A Lenten reflection from Henri Nouwen:
“The deep truth is that our human suffering need not be an obstacle to the joy and peace we so desire, but can become, instead, the means to it. The great secret of the spiritual life, the life of the Beloved Sons and Daughters of God, is that everything we live, be it gladness or sadness, joy or pain, health or illness, can all be part of the journey toward the full realization of our humanity. It is not hard to say to one another: ‘All that is good and beautiful leads us to the glory of the children of God.’ But it is very hard to say ‘But didn’t you know that we all have to suffer and thus enter into our glory?’ Nonetheless, real care means the willingness to help each other in making our brokenness into the gateway to joy.
***
Leonard Cohen once described love as a “cold and broken hallelujah.” For the past couple weeks, I, too, have felt cold and broken, uninspired, restless: such is the “winter of my discontent.” But I am strangely at peace with this phase of my life, for I know that life is cyclic and that joy and sorrow will ebb and flow until the Eschaton.

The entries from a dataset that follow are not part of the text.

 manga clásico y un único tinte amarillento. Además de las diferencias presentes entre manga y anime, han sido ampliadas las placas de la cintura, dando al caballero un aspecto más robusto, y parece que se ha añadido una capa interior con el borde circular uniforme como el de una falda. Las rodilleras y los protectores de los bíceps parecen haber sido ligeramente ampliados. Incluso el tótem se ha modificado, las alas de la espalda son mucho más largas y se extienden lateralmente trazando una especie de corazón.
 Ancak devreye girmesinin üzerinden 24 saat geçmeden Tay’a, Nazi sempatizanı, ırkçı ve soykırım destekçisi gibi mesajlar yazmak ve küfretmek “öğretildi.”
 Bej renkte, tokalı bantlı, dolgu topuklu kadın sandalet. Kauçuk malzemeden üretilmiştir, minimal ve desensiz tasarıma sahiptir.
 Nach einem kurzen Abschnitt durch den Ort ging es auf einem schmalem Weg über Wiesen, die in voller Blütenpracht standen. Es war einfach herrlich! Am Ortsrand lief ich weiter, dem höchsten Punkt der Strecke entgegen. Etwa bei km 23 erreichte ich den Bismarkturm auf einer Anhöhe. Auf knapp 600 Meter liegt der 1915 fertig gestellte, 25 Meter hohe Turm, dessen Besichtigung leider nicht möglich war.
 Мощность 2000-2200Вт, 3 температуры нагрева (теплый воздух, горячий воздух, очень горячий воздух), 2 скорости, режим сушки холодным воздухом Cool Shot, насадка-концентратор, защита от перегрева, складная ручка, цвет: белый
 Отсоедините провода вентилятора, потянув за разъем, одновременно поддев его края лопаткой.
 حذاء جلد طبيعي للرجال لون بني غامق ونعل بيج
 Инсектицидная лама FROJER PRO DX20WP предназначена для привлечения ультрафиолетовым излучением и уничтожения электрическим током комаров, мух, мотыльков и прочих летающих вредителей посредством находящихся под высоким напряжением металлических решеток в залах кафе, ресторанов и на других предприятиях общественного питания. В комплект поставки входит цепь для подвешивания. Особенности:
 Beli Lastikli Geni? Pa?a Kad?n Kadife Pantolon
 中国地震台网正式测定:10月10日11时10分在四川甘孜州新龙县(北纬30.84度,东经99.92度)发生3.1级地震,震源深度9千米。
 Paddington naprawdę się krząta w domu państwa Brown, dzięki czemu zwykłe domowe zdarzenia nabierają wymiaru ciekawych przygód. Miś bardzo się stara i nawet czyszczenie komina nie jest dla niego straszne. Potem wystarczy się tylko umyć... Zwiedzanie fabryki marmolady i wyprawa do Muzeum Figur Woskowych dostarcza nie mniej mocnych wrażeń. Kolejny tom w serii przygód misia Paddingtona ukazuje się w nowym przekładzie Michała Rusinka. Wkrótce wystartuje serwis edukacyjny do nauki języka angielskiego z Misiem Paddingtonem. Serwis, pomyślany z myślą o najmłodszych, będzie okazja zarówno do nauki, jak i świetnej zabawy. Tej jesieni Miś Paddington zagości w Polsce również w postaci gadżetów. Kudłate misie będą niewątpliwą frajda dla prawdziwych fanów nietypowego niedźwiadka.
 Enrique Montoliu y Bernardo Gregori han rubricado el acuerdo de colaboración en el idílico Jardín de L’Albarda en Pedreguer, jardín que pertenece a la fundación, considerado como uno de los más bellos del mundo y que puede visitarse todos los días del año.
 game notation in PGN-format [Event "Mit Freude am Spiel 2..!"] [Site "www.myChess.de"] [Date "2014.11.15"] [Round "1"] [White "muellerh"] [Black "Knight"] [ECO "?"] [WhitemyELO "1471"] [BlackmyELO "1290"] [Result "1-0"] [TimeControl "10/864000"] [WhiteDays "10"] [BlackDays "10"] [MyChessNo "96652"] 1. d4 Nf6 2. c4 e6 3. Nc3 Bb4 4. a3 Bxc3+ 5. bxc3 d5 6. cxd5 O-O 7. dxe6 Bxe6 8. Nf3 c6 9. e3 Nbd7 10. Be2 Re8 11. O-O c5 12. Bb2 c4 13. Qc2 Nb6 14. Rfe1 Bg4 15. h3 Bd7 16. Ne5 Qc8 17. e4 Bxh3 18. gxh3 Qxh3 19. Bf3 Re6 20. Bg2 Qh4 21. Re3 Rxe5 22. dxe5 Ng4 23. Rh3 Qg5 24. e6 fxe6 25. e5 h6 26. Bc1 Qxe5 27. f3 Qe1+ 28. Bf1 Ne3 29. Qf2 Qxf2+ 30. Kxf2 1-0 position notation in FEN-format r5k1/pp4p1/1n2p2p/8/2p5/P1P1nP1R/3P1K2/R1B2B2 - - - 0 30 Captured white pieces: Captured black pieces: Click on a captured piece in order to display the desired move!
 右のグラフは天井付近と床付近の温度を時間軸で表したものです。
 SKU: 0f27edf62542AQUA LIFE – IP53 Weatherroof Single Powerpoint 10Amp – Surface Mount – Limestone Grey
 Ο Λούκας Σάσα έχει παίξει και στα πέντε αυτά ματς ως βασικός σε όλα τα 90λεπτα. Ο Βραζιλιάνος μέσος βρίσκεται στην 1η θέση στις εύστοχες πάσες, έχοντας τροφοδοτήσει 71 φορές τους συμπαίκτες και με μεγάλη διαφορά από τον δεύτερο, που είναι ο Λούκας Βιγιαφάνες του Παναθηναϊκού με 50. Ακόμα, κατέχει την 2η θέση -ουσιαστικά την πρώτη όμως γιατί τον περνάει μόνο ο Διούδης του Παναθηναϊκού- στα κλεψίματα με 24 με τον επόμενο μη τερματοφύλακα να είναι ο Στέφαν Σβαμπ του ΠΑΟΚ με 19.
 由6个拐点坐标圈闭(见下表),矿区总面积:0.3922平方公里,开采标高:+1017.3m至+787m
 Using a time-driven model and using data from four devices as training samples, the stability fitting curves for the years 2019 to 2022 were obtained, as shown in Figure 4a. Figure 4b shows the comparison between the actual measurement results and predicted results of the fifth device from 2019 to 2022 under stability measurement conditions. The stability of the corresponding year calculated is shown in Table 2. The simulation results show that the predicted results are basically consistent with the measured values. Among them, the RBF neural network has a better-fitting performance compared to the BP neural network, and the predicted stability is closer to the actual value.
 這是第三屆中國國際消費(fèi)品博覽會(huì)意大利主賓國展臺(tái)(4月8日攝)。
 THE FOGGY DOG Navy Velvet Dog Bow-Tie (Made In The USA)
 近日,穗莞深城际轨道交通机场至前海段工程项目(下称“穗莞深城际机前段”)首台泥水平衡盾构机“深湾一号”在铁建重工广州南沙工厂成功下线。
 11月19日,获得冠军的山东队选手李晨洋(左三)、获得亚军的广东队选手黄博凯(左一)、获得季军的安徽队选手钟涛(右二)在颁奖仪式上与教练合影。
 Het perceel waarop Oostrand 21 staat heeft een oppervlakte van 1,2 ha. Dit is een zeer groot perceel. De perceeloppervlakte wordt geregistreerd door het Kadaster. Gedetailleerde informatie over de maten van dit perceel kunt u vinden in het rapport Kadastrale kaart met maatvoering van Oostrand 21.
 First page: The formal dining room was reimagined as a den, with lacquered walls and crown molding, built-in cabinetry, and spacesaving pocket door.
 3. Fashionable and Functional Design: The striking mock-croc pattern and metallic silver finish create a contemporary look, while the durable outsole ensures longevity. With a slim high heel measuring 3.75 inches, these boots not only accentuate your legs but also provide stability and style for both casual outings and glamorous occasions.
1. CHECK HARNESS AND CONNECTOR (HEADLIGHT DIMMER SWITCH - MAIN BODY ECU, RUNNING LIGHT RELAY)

When I was reading today’s Lenten meditation from my Henri Nouwen Lenten devotional booklet, I found it providential [how Presbyterian!] that he is referring to the very brokenness that I am currently experiencing in my own life. Brokenness is not teleological. Our brokenness is a fundamental facet of our humanity. Therefore, we must embrace the good with the bad, the joy and the sorrow, the yin and the yang. We must also embrace each other and be mindful of each other’s struggles, always remembering that brokenness is often the beginning of joy, rather than the death of it.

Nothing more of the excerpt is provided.